Rock of Calde – Italian Fable

3 February, 2009 at 14:42 Leave a comment

Jayati Ghosh wrote a piece in the Deccan Chronicle today titled “Economies sinking, but nations focus on corporates”. Well, her observations and statements are history repeating itself and is folklore now but they are good material.

    Maybe, I will tackle them one of those never-to-materialize days but I was mesmerized by the ‘Rock of Calde’ Italian fable told by glassblowing storytellers as recounted by Dario Fo (the Italian playwright, author of the brilliant satirical play ‘Accidental Death of an Anarchist’, through which he won the Nobel Prize for Literature in 1997). It goes like this…

    “Many years ago, way up on the crest of that steep cliff that rises from the lake, there was a town called Calde.

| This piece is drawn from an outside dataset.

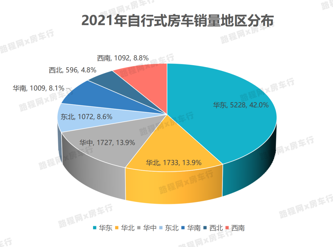 从自行式房车销量地区分布来看,2021年全年,华东地区依旧以5228辆,占比42%的销量数据遥遥领先,其后依次为华北地区1733辆(占比13.9%)、华中地区1727辆(约13.9%)、西南地区1092辆(占比8.8%)、东北地区1072辆(占比8.6%)、华南地区1009辆(占比8.1%)、西北地区596辆(占比4.8%)。

As it happened, this town was sitting on a loose splinter of rock that slowly, day by day, was sliding down towards the precipice. It was a splendid little town, with a campanile, a fortified tower at the very peak and a cluster of houses, one after the other. It’s a town that once was and now is gone. It disappeared in the 15th century.
    ‘Hey,’ shouted the peasants and fishermen down in the valley below. ‘You’re sliding, you’ll fall down from there’.
    But the cliff dwellers wouldn’t listen to them, they even laughed and made fun of them: ‘You think you’re pretty smart, trying to scare us into running away from our houses and our land so you can grab them instead. But we’re not that stupid’.
    So they continued to prune their vines, sow their fields, marry and make love. They went to mass. They felt the rock slide under their houses but they didn’t think much about it. ‘Just the rock settling. Quite normal,’ they said, reassuring each other.
    The great splinter of rock was about to sink into the lake. ‘Watch out, you’ve got water up to your ankles,’ shouted the people along the shore. ‘Nonsense, that’s just drainage water from the fountains, it’s just a bit humid,’ said the people of the town, and so, slowly but surely, the whole town was swallowed by the lake.
    Gurgle… gurgle… splash… they sink… houses, men, women, two horses, three donkeys… hee haw… gurgle. Undaunted, the priest continues to receive the confession of a nun: ‘Te absolve… animus… santi… gurgle… Aame… guuurgle…’. The tower disappeared, the campanile sank with bells and all: Dong… ding… dop… plock…
    Even today, if you look down into the water from that outcrop that still juts out from the lake, and if in that same moment a thunderstorm breaks out, and if the lightning illuminates the bottom of the lake, you can still see — incredible as it may seem! — the submerged town, with its streets still intact and even the inhabitants themselves, walking around and glibly repeating to themselves: ‘Nothing has happened’. The fish swim back and forth before their eyes, even into their ears. But they just brush them off: ‘Nothing to worry about. It’s just some kind of fish that’s learned to swim in the air’.
    ‘Atchoo!’ ‘God bless you!’ “Thank you… it’s a bit humid today… more than yesterday… but everything’s fine’. They’ve reached rock bottom, but as far as they are concerned, nothing has happened at all”.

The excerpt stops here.